# Church Dinner Pride



## citico (May 18, 2004)

A group of country friends from the Cottonwood Baptist Church wanted to get together on a regular basis to socialize and play games.

The lady of the house was to prepare the meal. When it came time for Al and Janet to be the hosts - Janet wanted to outdo all the others.

Janet decided to have mushroom-smothered steak. But, mushrooms are expensive. She then told her husband, "No mushrooms. They are too high."

He said, "Why don't you go down in the pasture and pick some of those mushrooms? There are plenty in the creek bed."

She said, "No, some wild mushrooms are poison."

He said, "Well, I see varmints eating them and they're OK.

So Janet decided to give it a try. She picked a bunch, washed, sliced, and diced them for her smothered steak.

Then she went out on the back porch and gave Ol' Spot (the yard dog) a double handful. Ol' Spot ate every bite.

All morning long, Janet watched Ol' Spot and the wild mushrooms didn't seem to affect him, so she decided to use them. The meal was a great success, and Janet even hired a helper lady from town to help her serve. She had on a white apron and a fancy little cap on her head.

After everyone had finished, they relaxed, socialized, and played 42 & Mexican dominoes.

About then, the helper lady from town, came in and whispered in Janet's ear. She said, "Mrs. Williams, Ol' Spot just died." Janet went into hysterics. After she finally calmed down, she called the doctor and told him what had happened.

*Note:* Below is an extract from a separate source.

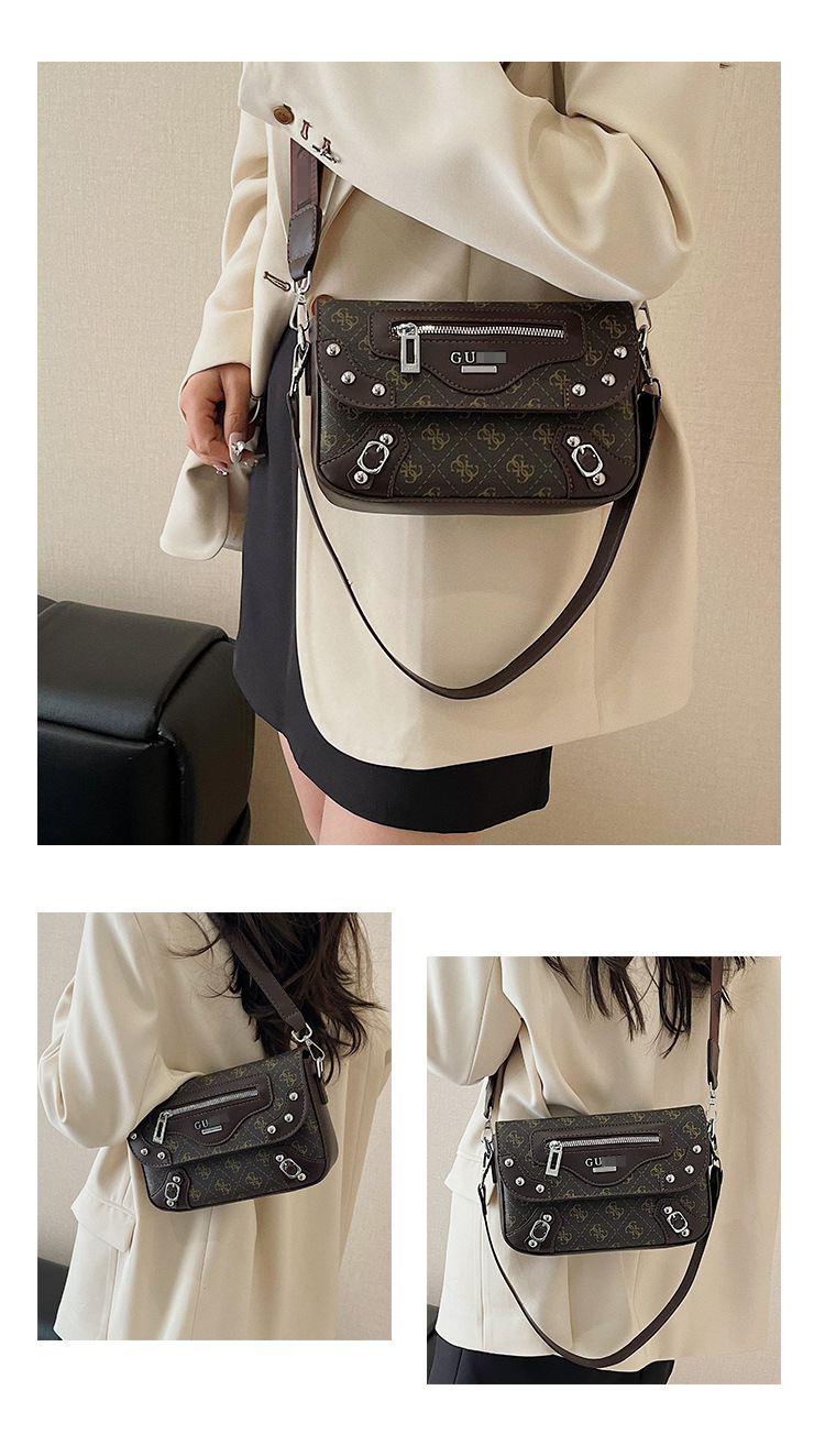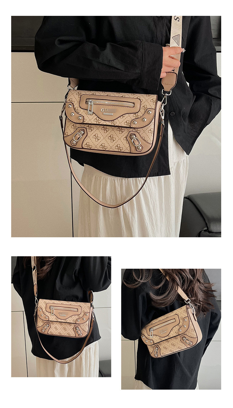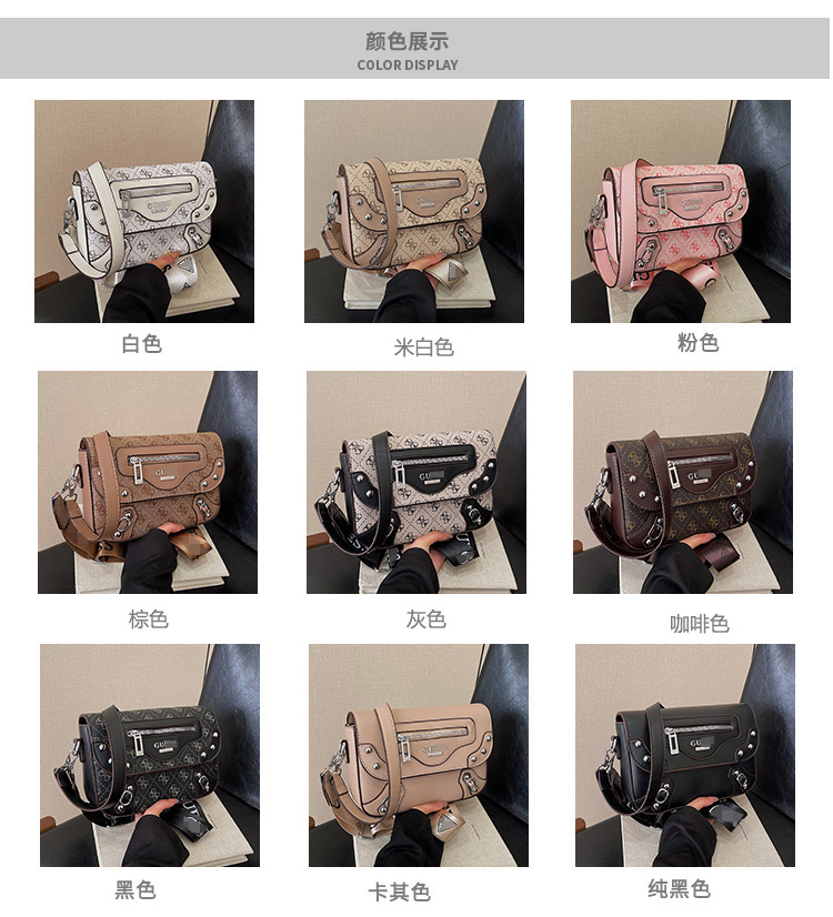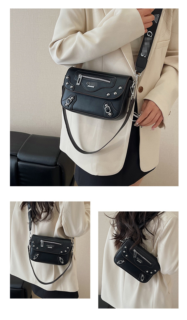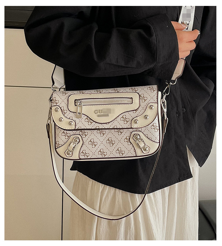 Bolso de diseño de nicho transfronterizo para mujer nuevo bolso de motocicleta con remaches de chica caliente dulce y fresca, bolso de hombro y axila de moda, bolso de mensajero

The doctor said, "That's bad, but I think we can take care of it. I will call for an ambulance and I will be there as quick as possible. We'll give everyone enemas and we will pump out everyone's stomach Everything will be fine. Just keep them calm."

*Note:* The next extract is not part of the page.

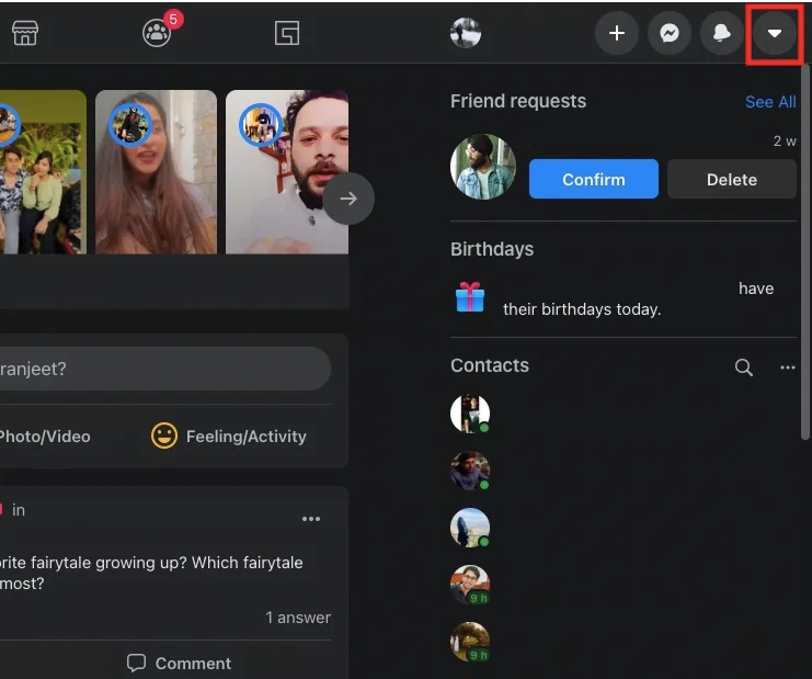 1. Sağ üst köşedeki aşağı ok düğmesine tıklayın.

Soon they could hear the siren as the ambulance was coming down the road. The EMTs & the doctor had their suitcases, syringes, and a stomach pump.

One by one, they took each person into the bathroom, gave them an enema and pumped out their stomach. After the last one was finished, the doctor came out and said, "I think everything will be fine now, and he left."

They were all looking pretty weak sitting around the living room and about this time, the helper lady came in and said,

"You know that fellow that ran over Ol' Spot never even stopped.


----------



## Nick (Apr 23, 2002)

:lol:


----------



## Upstream (Jul 4, 2006)

A mushroom walks into a bar.

The bartender says, "We don't allow mushrooms here."

"Why not," asks the mushroom. "I'm a fun guy."


----------



## curt8403 (Dec 27, 2007)

Upstream said:


> A mushroom walks into a bar.
> 
> The bartender says, "We don't allow mushrooms here."
> 
> "Why not," asks the mushroom. "I'm a fun guy."


or
The US House of Representatives, in an attempt to honor the nations comics declared April 1st to be national Fungi day


----------